Segment Start: Excerpted records

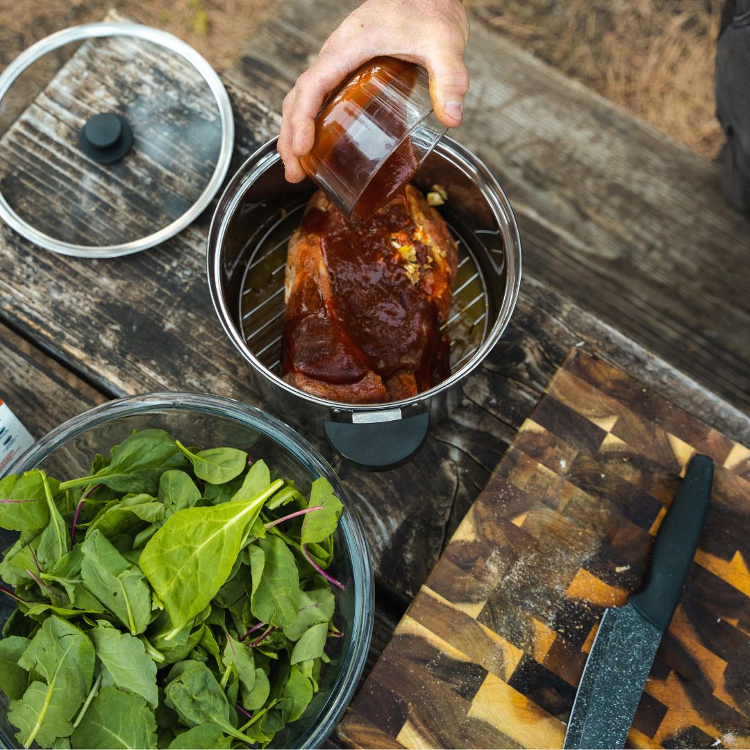 The RockPot is an easy-to-use portable cooker that requires no propane or electricity that can cook raw food. The RockTablet is our stone-based heating source for RockPot and can be heated over an open fire or over a stovetop (gas, electric, glass or butane) and can be reheated over thousands of times.
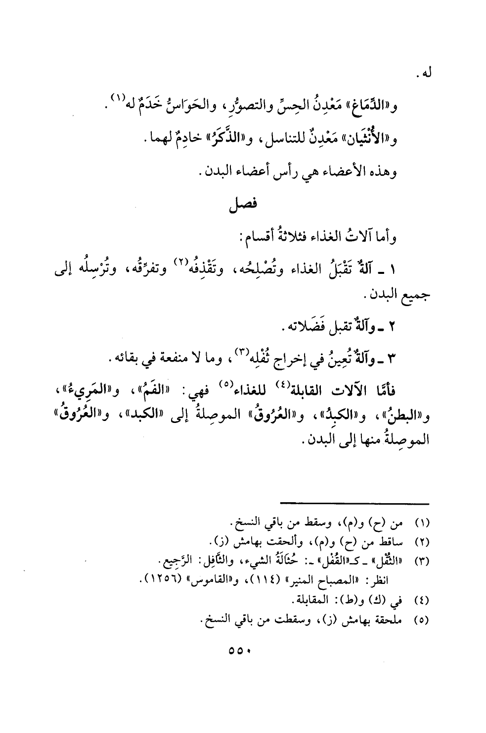 فأمَّا الآلات القابلة (¬4) للغذاء (¬5) فهي: "الفَمُ"، و"المَرِيءُ"، و"البطنُ"، و"الكبِدُ"، و"العُرُوقُ" الموصِلةُ إلى "الكبد"، و"العُرُوقُ" الموصِلةُ منها إلى البدن.
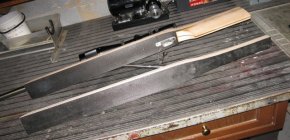 lynn- everything is running in the same direction. The wood came from two peices of walnut that I planed down and cut to shape. I don't think I am going to put a strip along the bottom of the stock, actually I think I am going to try and find some of the low-friction tape some shooters use for the fore-end and toe of the stock. I'd bet he does it by cutting out a peice of carbon fiber a fair deal bigger than the underside of the fore-end and trimming it along the sides of the stock so everything you see ends up clean. I did however add a strip in the middle of the blank that will run the entire length of the stock and depth of the fore-end,so it will end up in the top 2" or so of the butt) to further stiffen the fore-end and wrist.
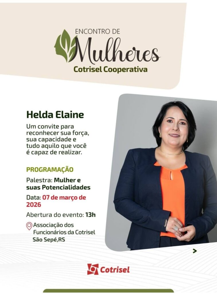 A força feminina que move o cooperativismo estará reunida em mais uma edição especial do Encontro de Mulheres da Cotrisel. Em 2026, o evento chega com a proposta de fortalecer conexões, valorizar trajetórias e criar um espaço ainda mais significativo de troca entre mulheres que fazem parte da história da cooperativa.
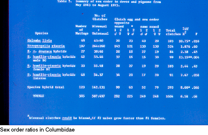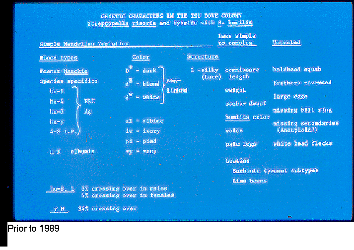 More Dove Pictures I, More Dove Pictures II, More Dove Pictures III, More Dove Pictures IV, Ice Dove Colors, Hatchling variants, Hybrids, Mutant Colors in other species, Oddities: Silky Doves, Flare, Bulge eyes, Bald Squabs, Dwarf Turtle Dove, Sex Ratios, Genetic Characters.
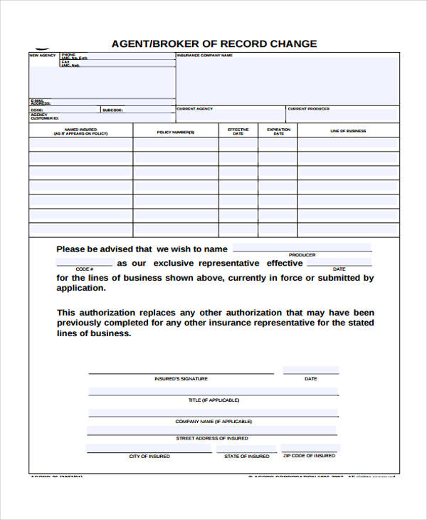 fillable letter authoritychange agent form fax email
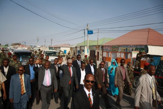 Madaxweynaha oo socod ku maray inta u dhexeysa aqalka madaxtooyada iyo fagaaraha (Barxadda) ayaa intaas kadib si kooban bulshada ula hadlay, wuxuuna ugu hanbalyeeyey 14 guurada kasoo wareegtey xiligii maamulka Puntland la dhisay.
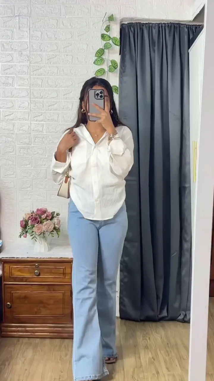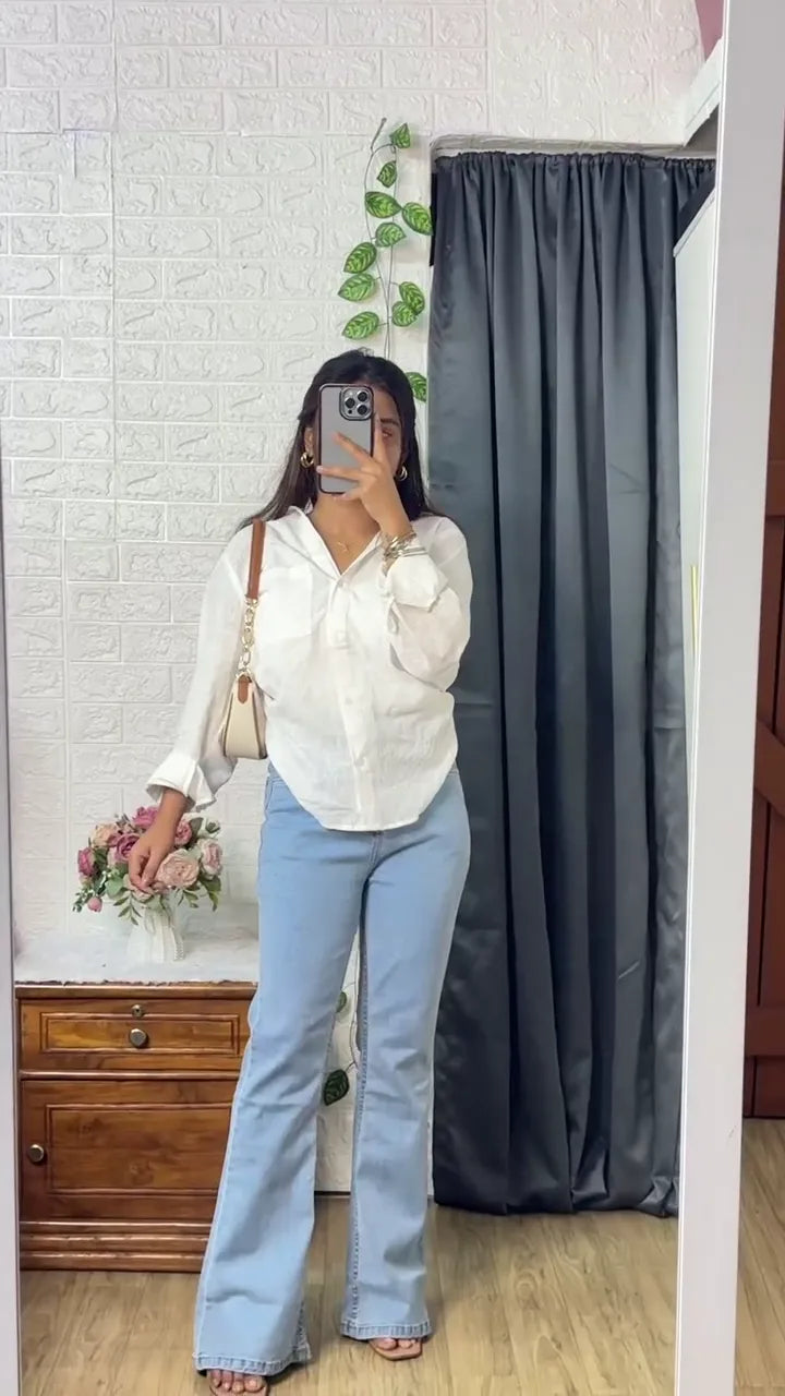 Keeping it simple yet stylish 🌸 – a crisp white shirt paired with light blue flared jeans for that timeless casual vibe. Perfect for brunch dates, shopping sprees, or just a cozy day out. 🤍👖✨
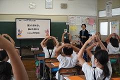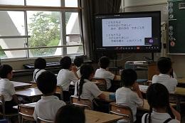 保健委員会は、熱中症予防のために、長休みや昼休みの終わりに、「水分補給を呼びかける」という取組をしてくれました。まだまだ暑い毎日ですが、おかげで熱中症で具合が悪くなる人はいません。
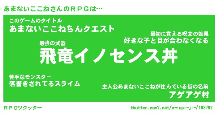 | 男性向けラノベタイトル風あだ名 | 『アマナイココネアートオンライン』 |
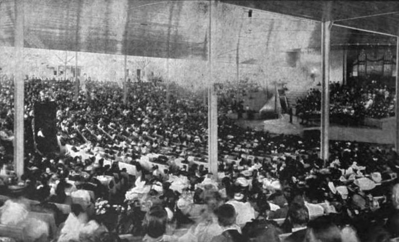 The Auditorium was used for the first four years, then the Amphitheatre—a more permanent, open-air structure—was erected that could hold many more people. The Amphitheatre’s crowning glory was its magnificent pipe organ. The seats behind the Amphitheatre stage were typically occupied by speakers, performers, choirs and orchestras.
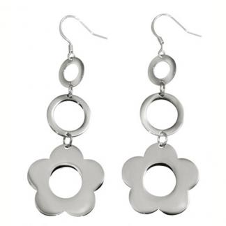 STAINLESS STEEL EARRING IN FLOWER SHAPE WITH 2 CIRCLE ALL IN S/S COLOR
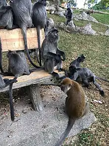 Bukit Malawati is home to the local silvered leaf monkeys and long-tailed macaques.[1][3][5][6] The silvered leaf monkeys at Bukit Malawati are accustomed to human presence, and are sometimes bold enough to approach visitors.[6] Tourists are discouraged from feeding the monkeys.
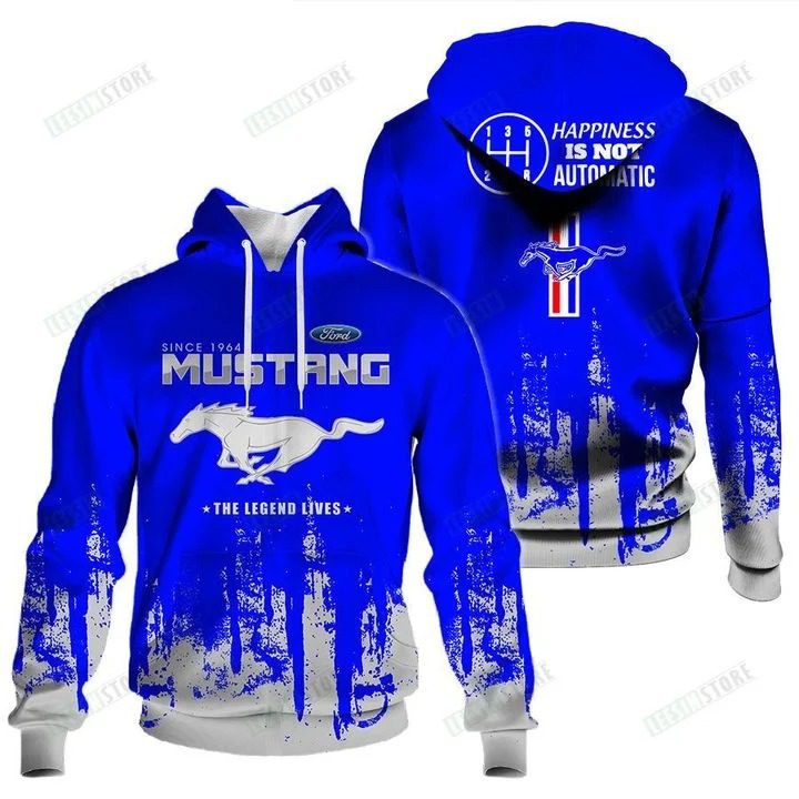 Ford Mustang The Legend Lives Happiness Is Not Automatic Pullover Hoodie Product Features Along with its Ford Mustang graphics, this cozy pullover hoodie features super-soft midweight material. Material: 95% polyester + 5% spandex. The fabric is durable and resistant to wrinkles, shrinking and mildew. Hood with drawstrings. Long sleeve. Front pouch pocket. Midweight hoodie suitable...

Segment End: Excerpted records

- _Directions_: Excluding the pictures, restate the records above word for word.

- _Response box_:
 The RockPot is an easy-to-use portable cooker that requires no propane or electricity that can cook raw food. The RockTablet is our stone-based heating source for RockPot and can be heated over an open fire or over a stovetop (gas, electric, glass or butane) and can be reheated over thousands of times.
 فأمَّا الآلات القابلة (¬4) للغذاء (¬5) فهي: "الفَمُ"، و"المَرِيءُ"، و"البطنُ"، و"الكبِدُ"، و"العُرُوقُ" الموصِلةُ إلى "الكبد"، و"العُرُوقُ" الموصِلةُ منها إلى البدن.
 lynn- everything is running in the same direction. The wood came from two peices of walnut that I planed down and cut to shape. I don't think I am going to put a strip along the bottom of the stock, actually I think I am going to try and find some of the low-friction tape some shooters use for the fore-end and toe of the stock. I'd bet he does it by cutting out a peice of carbon fiber a fair deal bigger than the underside of the fore-end and trimming it along the sides of the stock so everything you see ends up clean. I did however add a strip in the middle of the blank that will run the entire length of the stock and depth of the fore-end,so it will end up in the top 2" or so of the butt) to further stiffen the fore-end and wrist.
 A força feminina que move o cooperativismo estará reunida em mais uma edição especial do Encontro de Mulheres da Cotrisel. Em 2026, o evento chega com a proposta de fortalecer conexões, valorizar trajetórias e criar um espaço ainda mais significativo de troca entre mulheres que fazem parte da história da cooperativa.
 More Dove Pictures I, More Dove Pictures II, More Dove Pictures III, More Dove Pictures IV, Ice Dove Colors, Hatchling variants, Hybrids, Mutant Colors in other species, Oddities: Silky Doves, Flare, Bulge eyes, Bald Squabs, Dwarf Turtle Dove, Sex Ratios, Genetic Characters.
 fillable letter authoritychange agent form fax email
 Madaxweynaha oo socod ku maray inta u dhexeysa aqalka madaxtooyada iyo fagaaraha (Barxadda) ayaa intaas kadib si kooban bulshada ula hadlay, wuxuuna ugu hanbalyeeyey 14 guurada kasoo wareegtey xiligii maamulka Puntland la dhisay.
 Keeping it simple yet stylish 🌸 – a crisp white shirt paired with light blue flared jeans for that timeless casual vibe. Perfect for brunch dates, shopping sprees, or just a cozy day out. 🤍👖✨
 保健委員会は、熱中症予防のために、長休みや昼休みの終わりに、「水分補給を呼びかける」という取組をしてくれました。まだまだ暑い毎日ですが、おかげで熱中症で具合が悪くなる人はいません。
 | 男性向けラノベタイトル風あだ名 | 『アマナイココネアートオンライン』 |
 The Auditorium was used for the first four years, then the Amphitheatre—a more permanent, open-air structure—was erected that could hold many more people. The Amphitheatre’s crowning glory was its magnificent pipe organ. The seats behind the Amphitheatre stage were typically occupied by speakers, performers, choirs and orchestras.
 STAINLESS STEEL EARRING IN FLOWER SHAPE WITH 2 CIRCLE ALL IN S/S COLOR
 Bukit Malawati is home to the local silvered leaf monkeys and long-tailed macaques.[1][3][5][6] The silvered leaf monkeys at Bukit Malawati are accustomed to human presence, and are sometimes bold enough to approach visitors.[6] Tourists are discouraged from feeding the monkeys.
 Ford Mustang The Legend Lives Happiness Is Not Automatic Pullover Hoodie Product Features Along with its Ford Mustang graphics, this cozy pullover hoodie features super-soft midweight material. Material: 95% polyester + 5% spandex. The fabric is durable and resistant to wrinkles, shrinking and mildew. Hood with drawstrings. Long sleeve. Front pouch pocket. Midweight hoodie suitable...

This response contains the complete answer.